Improve any intraday trading method with these statistical trading strategies

One method that I love in stock trading (and I use something similar in forex too – it can really be used in any market) is to track the daily range of a stock, as well as the distance that it normally closes from the high. or low. This gives a lot of information. These figures can be calculated using EXCEL simply by tracking the open, high, low and close prices. Manipulating this data in EXCEL can provide a wealth of information that can help a trader identify better entries, stops, and profit targets.

Since we are looking daily averages, this information is commonly used for intraday trading strategies and can be used on its own or more effectively with other indicators, methods or strategies. With this strategy, I will generally watch for volatile stocks (for currency markets, eur / usd or gbp / usd at the beginning of euro or US sessions, for example, but will allow about 30 minutes instead of 15) to make a stop or a minimum. in the first 15 minutes of the day or so. Often times, a high or low made at the beginning of the day is very important (when using this strategy), and the high or low made in those initial 15 minutes gives us a baseline for the rest of the day. Then we look to see what level (either the maximum or the minimum reached in the first 15 minutes or so) is going to be the maximum or minimum for the rest of the day. We do this by observing a lower high or a higher low on the stock as the trade progresses. The methods used to confirm this bottom or top are plentiful, but often just watching a stock plummet in the first 15 minutes, then bounce, then fall again, but not as much as it fell before, and then bounce again is confirmation. that the minimum of the first 15 minutes is probably the minimum of the day.

So now we assume that there is a minimum (or a maximum) for the day. We are also armed with our statistics that tell us what the average daily range is (percentage or movement of the share price). Once we have established that a minimum (or maximum) is likely to exist, we can take positions with profit targets at a price that would be around the area of ​​the average daily range (if we already had the minimum set).

Here’s a super simplified example. A ten dollar stock has a daily range of 10%. Each day this is converted into dollars based on the opening price, so today the price range is expected to be $ 1.00 (10% of the opening price) if the stock opens at $ 10. In the morning , the stock falls to $ 9.75. It bounces, falls back to $ 9.90, and then rises again. We assume that the downside is in place. We buy and place an exit around the end of the average daily movement. The moving average is $ 1 (10% of $ 10).

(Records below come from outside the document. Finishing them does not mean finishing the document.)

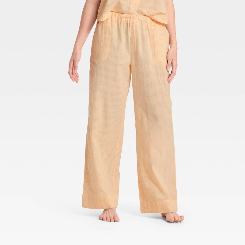 Women's Striped Cotton Blend Pajama Pants - Auden™ Peach Orange M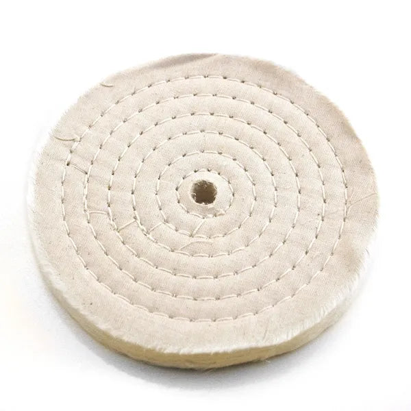 6" X 20 PLY - 1/4" Wide. White Cotton Buffing Wheel, Spiral Sewn Full disc sewn buffs, or spiral sewn buffing wheels are firmer than loose buffs and not as flexible. they are good for buffing on flat or accessible surfaces. They are sewn in a spiral pattern from the center to the edge of the buff. All of the wheels available here in the online store are made with standard 3/8" spiral sewing however we can make these wheels to your specifications by telling us what you want in our Request a Quote form. The LIGHT GAUGE, HIGH POLISH MATERIAL that these wheels are made from is the softest available next to flannel material. This material is for color buffing, high luster work. These wheels are designed to be ganged together on the buffing machine shaft to build the desired thickness of the total buffing head. In other words put as many of these on the shaft to make the wheel as wide as you need it to be. They are a 1/4 inch wide so 4 wheels would make a 1 inch wide head or buff. These white spiral sewn buffs are great for all types of buffing and polishing. They are one of the best all around buffing wheels used on most buffing jobs. If you need a wheel firmer than this for tuff cut buffing, try our yellow spiral sewn buffs. These wheels are good for use with all buffing compounds and polishes including greaseless compound.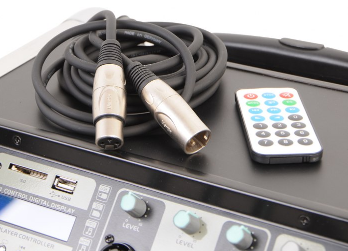 W komplecie pilot zdalnego sterowania oraz mikrofon wraz z przewodem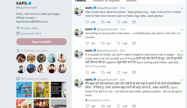 भद्दी गाली देते हुए कपिल तीसरे ट्वीट में लिखा, सूत्रों के हवाले से यह खबर है, सोर्स का नाम क्यों नहीं बताते।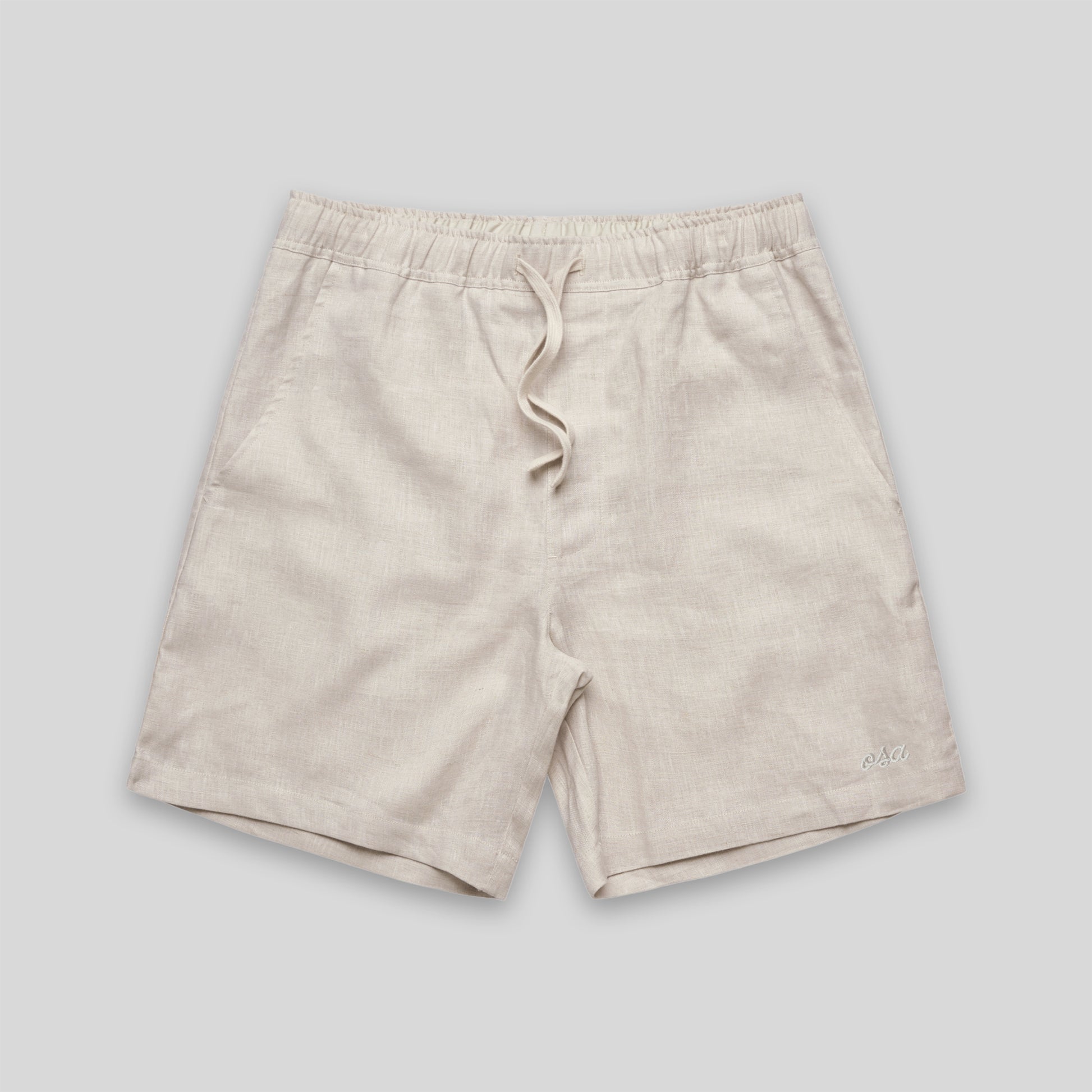Cream Summer Essentials Linen Shorts. A summer take on our Heavy Essentials collection, bringing a bright and airy feel. Created from 100% organic and recycled materials. Featuring a loose relaxed fit and giving you that effortless put together look. Perfect for those beachy days, combining with the linen shirt for the perfect holiday outfit!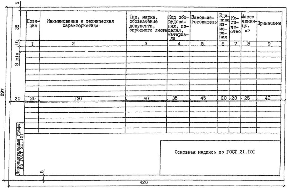 4.4 Спецификацию оборудования, изделий и материалов составляют по форме 1 ГОСТ 21.110-95, приведенной на рисунке 2.

We have already moved $ 0.25 (the open at $ 10 all the way to $ 9.75) so our target is around $ 10.75 (given that our low is already in place, we should assume that all stocks will now be above the low and to the upside) and then adjust to match other support / resistance or other profit targets. So to summarize, in this case our profit target is our assumed low plus the average daily range; $ 9.75 + $ 1.00 in this case = $ 10.75

I also believe that openness is very important. For this reason, I will open using a move back through the opening price as my entry. In the example above, the stock hit a low of $ 9.75, then bounced, and then fell back to $ 9.90. Once the stock rises again through the opening price (in this case $ 10) I will enter a long (or long) position. A stop can be placed below the low (whatever low I prefer, but probably the lowest low of the day) and then I set my profit target.

However, there is a second part of the trade. If prices move around our profit target, we exit the trade. But then what? That’s why we track how far the stock usually closes from its high or low. In this way we get another exchange.

Let’s say the stock closes within 30% of its high (or low) on average. With a daily range of $ 1, if the stock has just peaked and we are heading to close time, we can sell short and place our exit at .30 from the high. To go short (or long if we are dealing with a bounce off the low of the day heading into the close), we watch for reversal signals once we are within or beyond the territory of the average daily range.

This style of trading strategy should provide some ideas on how to improve your own methods, or you can implement this method and refine it based on your own preferences. You can also add standard deviation studies for additional information.